These are just some good rules of thumb. It would be interesting to see what sort of noise/spikes the HID is creating, but that would require a proper oscilloscope to detect.

good luck,
Steve K.


----------



## blahblahblah (Jun 19, 2006)

Just by chance, I was on Welch Allyn's website and remembered this post...
http://www.walamp.com/lpd/files/datasheets/ISL305B2.pdf
On page 2 of the .pdf look for note #3.

In summary it says if your ballast is >6in from the battery, twist the wires continuously to prevent voltage spikes.

It looks like your solution is pretty darn easy!


----------



## andrewwynn (Jun 19, 2006)

now wouldn't that be a hoot.. use 'twisted pair' concept. 

-awr


----------



## Justintoxicated (Jul 19, 2006)

Sorry for the lack of responses, I just got back from Vacation in Turkey!

1) The Balasts are much more than 6 inches from teh battery, I could twist them! I will give it a shot but I want to take more percaution as well.

2) Should each HID have it's own ground? I don't mean to make them run them because they can definately share the ground wires with the size of wire I'm using, but would that help prevent spikes?

*
Right now it is setup like this.

Battery(+) -> Distribution Block -> HID's and Luxeon LM317T Circuit (one wire to each HID, and smaller gauge wire to LM317T Project box.) 
Battery(-) -> Distribution Block -> LIGHTS & ATV's Frame in 2 or 3 places.

The Battery has a simple spad terminal from which I can really only connect one wire, The wire from the Stator (Alternator) hooks up to the battery here. What I have to do is split off that wire to get power to the distribution block (sort of a Y adapter I made where one end goes to the block and the other goes to the ATV's stator to charge the batter (voltage rectifier in between of course). *

- I don't understand how to make a Hash Filter. 

- I don't understand why I would need to buy so Many ZENER diods or where to even purchase them.

- I don't understand how to make a Pi Filter "It's just a cap to ground (1000pF maybe), a series ferrite, and another cap to ground (0.01uF maybe)." 
_Sounds like something I could make I'm just not understanding how to connect the 2 caps or where to get/select the Ferrite or how to use it. Where would this filter go between the Diod and Regulation circuit? Why not put it before the regulation circuit?_

-"Put a 1n4001 or 4002 diode in series with everything (regulator, luxeons, etc). If there are reverse voltage spikes, then they could damage the luxeons and regulator." 
_Speaking Greek to me man!  _

- "A 20V or so zener in parallel with the whole thing would work too. It would clamp voltage spikes and prevent too much voltage from hitting the regulator/LEDs." 
_How do I put it in parallel with the WHOLE thing? please explain!_

*MORE QUESTIONS:*

voltage spikes seem to be worse when I power ON and Off, but seem to occure at any given time judging by the times at which the LED's blow...

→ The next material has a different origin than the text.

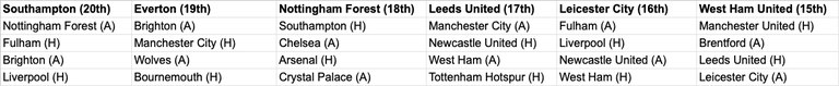 The Saints and Leeds account for four changes, highlighting the desperation to stay in the big time. These teams’ run-ins (below) throw up mouth-watering head-to-head clashes, which could potentially decide their fates.

I don't want to spend over $100 to get these lights working, is it possible? Which of these things should I try first other than twisting the wires! 

The LED's are in Series so would one Zener Diod at the begining be the way to go? maybe another one after the LEDs?

Would simply splicing off my Y-adapter I made and bypassing the Distribution block solve the problem?




Thanks in advance for everyones help! I'm getting close to getting the bike running again! I defintaly have alot to learn when it comes to electronics. Everything was working fine for a couple years before I switched up to HID's!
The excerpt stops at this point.